__THE PROBLEM__: What is needed is a faithful copy of all the entries, with no pictures in it.

__Data excerpts__:

====

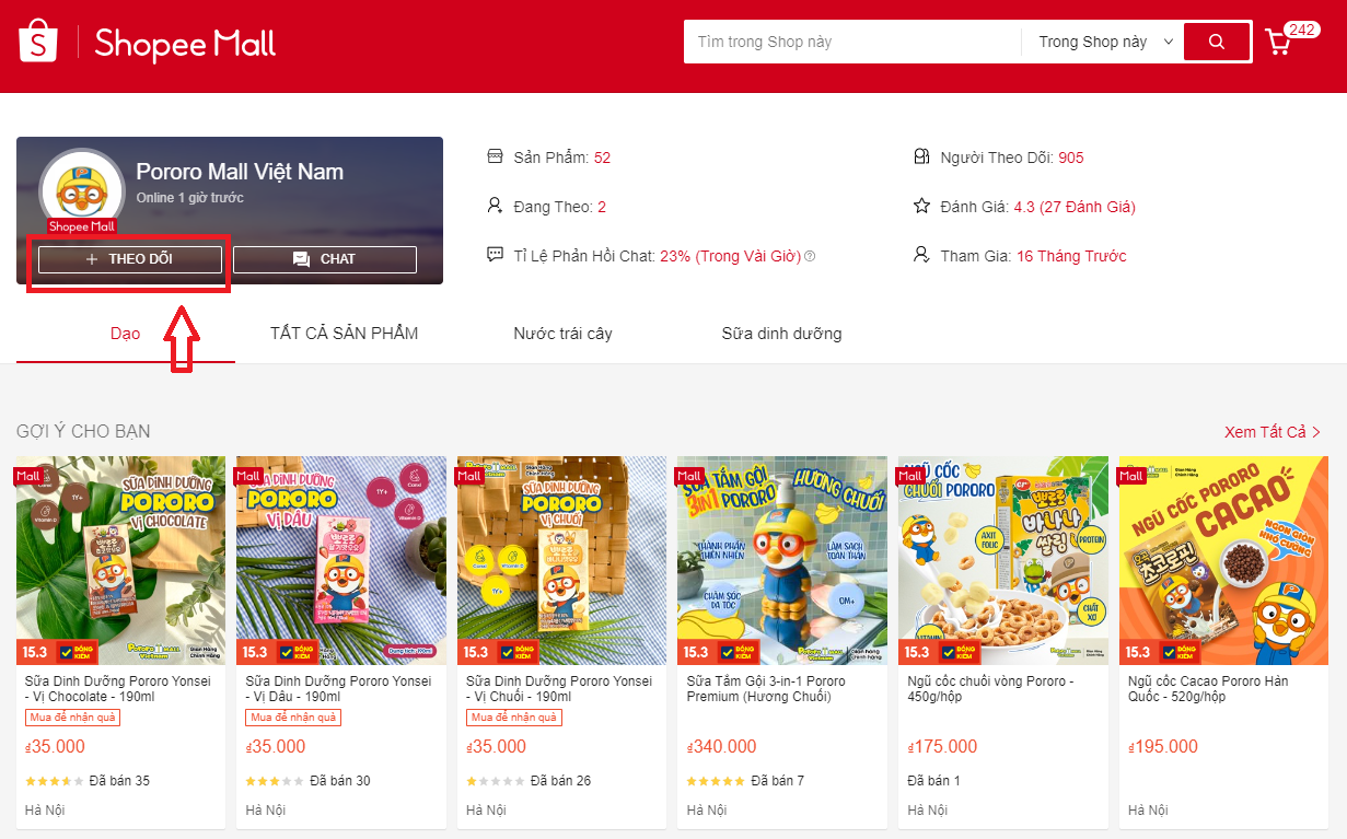 Shopee Pororo Mall Việt Nam liên tục cập nhật các sản phẩm mới nhất cùng hàng ngàn ưu đãi, mã freeship mỗi ngày, khách hàng đừng bỏ qua. Hãy ấn theo dõi shopee mall của Pororo mall Việt Nam tại đây nha:
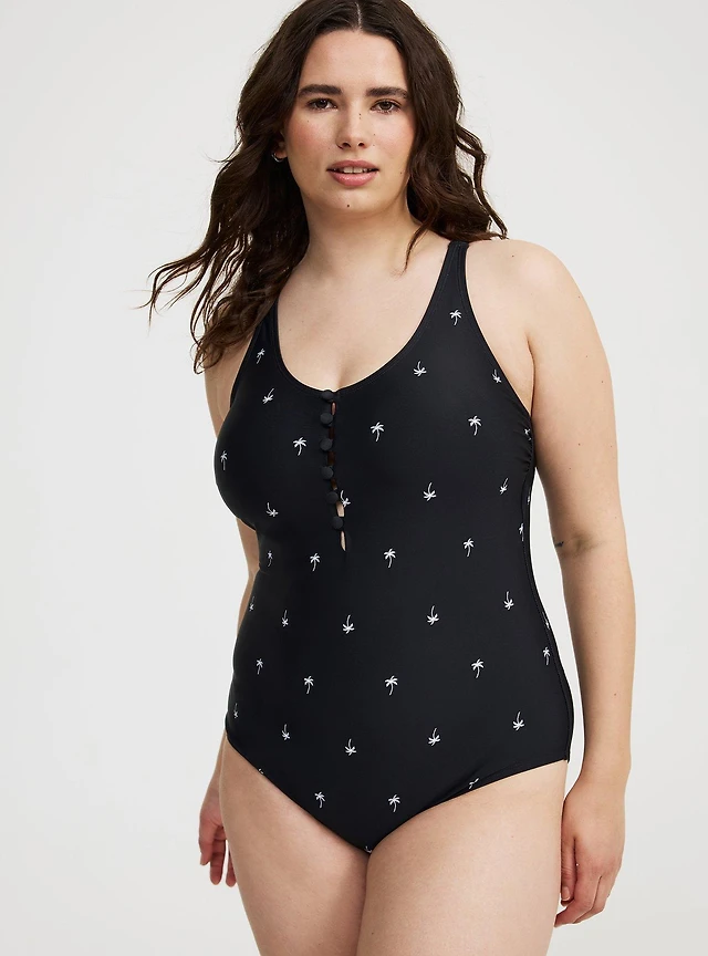 Wire-Free Button-Front Plunge Cheeky One Piece
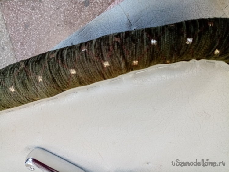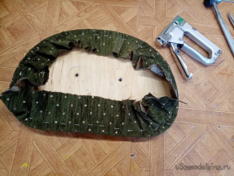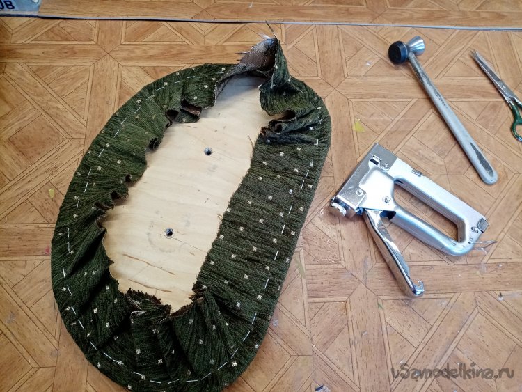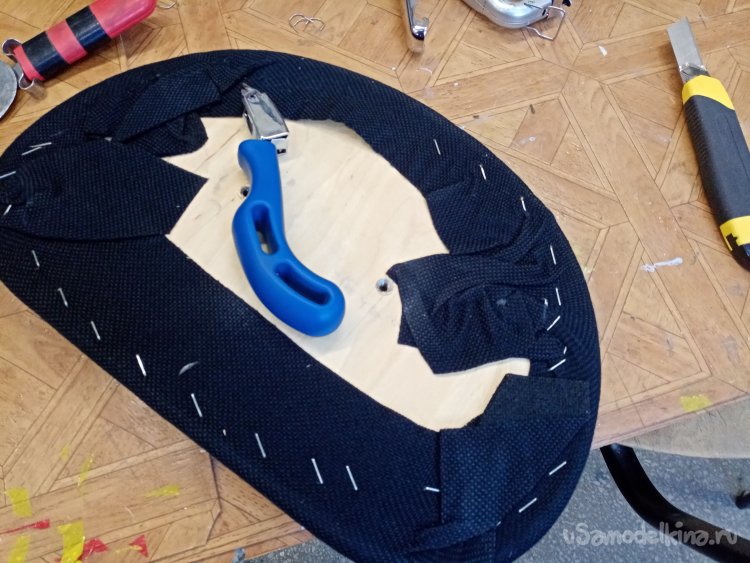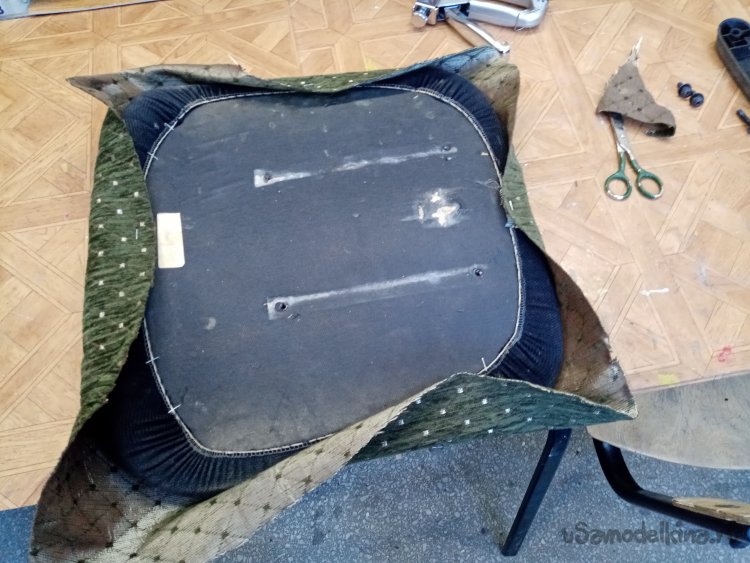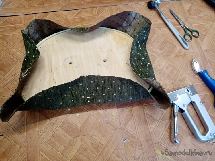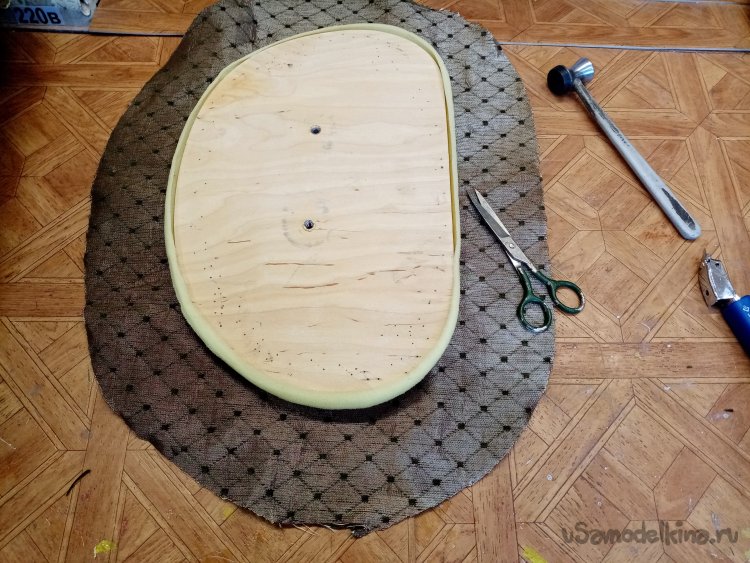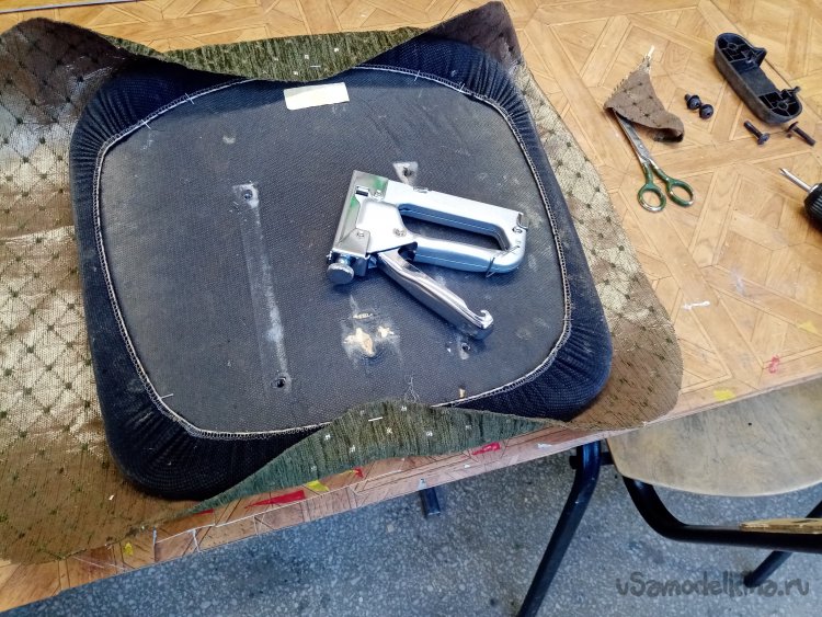 Сиденье готово. На внешней стороне обивочная ткань натянулась ровно, без утяжин.
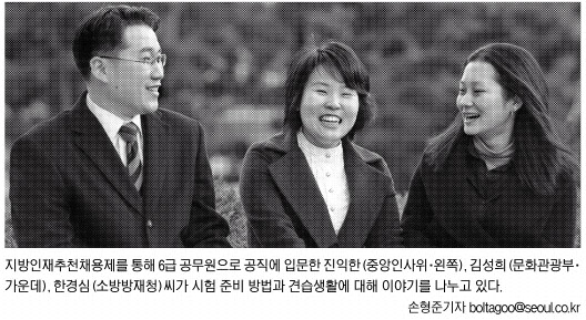 지역인재를 등용하기 위한 지역인재추천채용 일정이 내년 1월 대학별 추천전형으로 시작된다.2005년과 2006년 지역인재추천채용제도를 통해 공직에 입문한 선배들에게 준비방법과 6급 견습생활에 대해 들어봤다.●인터뷰 참석자 ▲진익한(1회·경상대·경남):중앙인사위원회 임용관리과 ▲김성희(2회·금강대·충남):문화관광부 국제교류진흥팀·24세 ▲한경심(2회·한양대·서울·기술):소방방재청 안전문화팀·25세
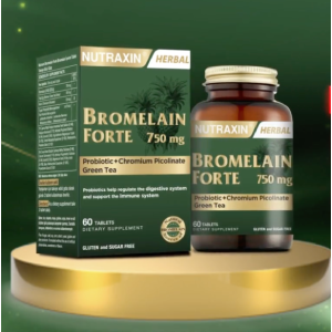 Nutraxin Bromelain Forte; ananastan elde edilen ve proteinleri sindiren enzim olan bromelain (2400 GDU/g), Yeşil çay ekstresi, Krom ve Probiyotik içerir.
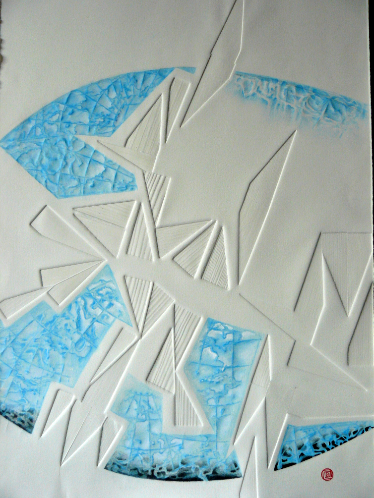 Gaufrage. Crayons de couleur, acrylique, empreintes en relief. |
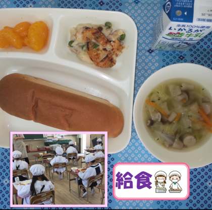 今日の給食は、人気メニューのマカロニグラタン!
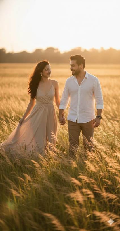 Imagine a serene pre-wedding portrait during late afternoon golden hour, when the sunlight feels like liquid amber spilling across the landscape. The couple stands in an open meadow, surrounded by whispering grass that moves gently in the wind. The bride wears a soft beige maxi dress, the fabric flowing like air around her legs, her hair open and wild, touched by the golden sun. The groom stands beside her in a white linen shirt, the top buttons undone, his look relaxed yet timeless. They are not posing; instead, they walk slowly, their fingers brushing together as the breeze carries laughter through the scene. The light catches their silhouettes — warm, imperfect, and breathtakingly real. The mood is cinematic but deeply human — no grandeur, only intimacy wrapped in sunlight. Her eyes meet his, and he pulls her gently closer; her dress catches the wind just as the sun slips lower, wrapping them in liquid gold. The whole moment feels suspended in time — fragile, romantic, and endless.(the exact face as the uploaded image, no alteration, 100% identical)
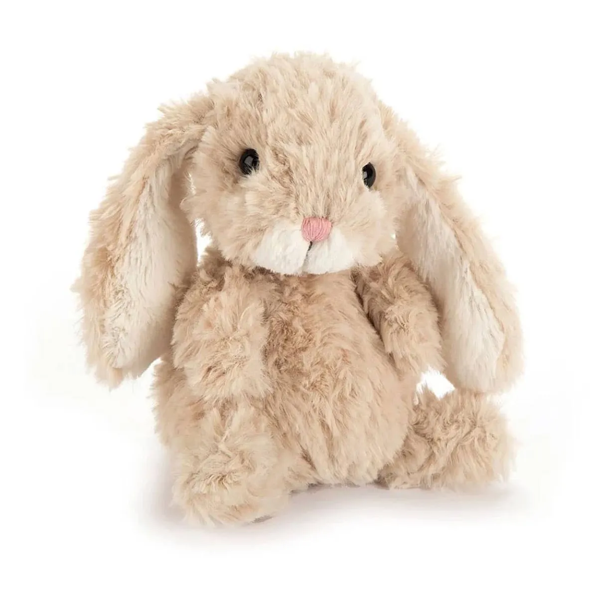 Perfect in gentle beige, it’s Yummy Bunny Beige! Tousled and tiny, this bobbly bunny has itty bitty poppet paws. With a cream woffle nose, long waggle ears and the diddiest bobtail you ever did see, this bunny hops right into your pocket!

====

__ANSWER TO THE EXERCISE__:
 Shopee Pororo Mall Việt Nam liên tục cập nhật các sản phẩm mới nhất cùng hàng ngàn ưu đãi, mã freeship mỗi ngày, khách hàng đừng bỏ qua. Hãy ấn theo dõi shopee mall của Pororo mall Việt Nam tại đây nha:
 Wire-Free Button-Front Plunge Cheeky One Piece
 Сиденье готово. На внешней стороне обивочная ткань натянулась ровно, без утяжин.
 지역인재를 등용하기 위한 지역인재추천채용 일정이 내년 1월 대학별 추천전형으로 시작된다.2005년과 2006년 지역인재추천채용제도를 통해 공직에 입문한 선배들에게 준비방법과 6급 견습생활에 대해 들어봤다.●인터뷰 참석자 ▲진익한(1회·경상대·경남):중앙인사위원회 임용관리과 ▲김성희(2회·금강대·충남):문화관광부 국제교류진흥팀·24세 ▲한경심(2회·한양대·서울·기술):소방방재청 안전문화팀·25세
 Nutraxin Bromelain Forte; ananastan elde edilen ve proteinleri sindiren enzim olan bromelain (2400 GDU/g), Yeşil çay ekstresi, Krom ve Probiyotik içerir.
 Gaufrage. Crayons de couleur, acrylique, empreintes en relief. |
 今日の給食は、人気メニューのマカロニグラタン!
 Imagine a serene pre-wedding portrait during late afternoon golden hour, when the sunlight feels like liquid amber spilling across the landscape. The couple stands in an open meadow, surrounded by whispering grass that moves gently in the wind. The bride wears a soft beige maxi dress, the fabric flowing like air around her legs, her hair open and wild, touched by the golden sun. The groom stands beside her in a white linen shirt, the top buttons undone, his look relaxed yet timeless. They are not posing; instead, they walk slowly, their fingers brushing together as the breeze carries laughter through the scene. The light catches their silhouettes — warm, imperfect, and breathtakingly real. The mood is cinematic but deeply human — no grandeur, only intimacy wrapped in sunlight. Her eyes meet his, and he pulls her gently closer; her dress catches the wind just as the sun slips lower, wrapping them in liquid gold. The whole moment feels suspended in time — fragile, romantic, and endless.(the exact face as the uploaded image, no alteration, 100% identical)
 Perfect in gentle beige, it’s Yummy Bunny Beige! Tousled and tiny, this bobbly bunny has itty bitty poppet paws. With a cream woffle nose, long waggle ears and the diddiest bobtail you ever did see, this bunny hops right into your pocket!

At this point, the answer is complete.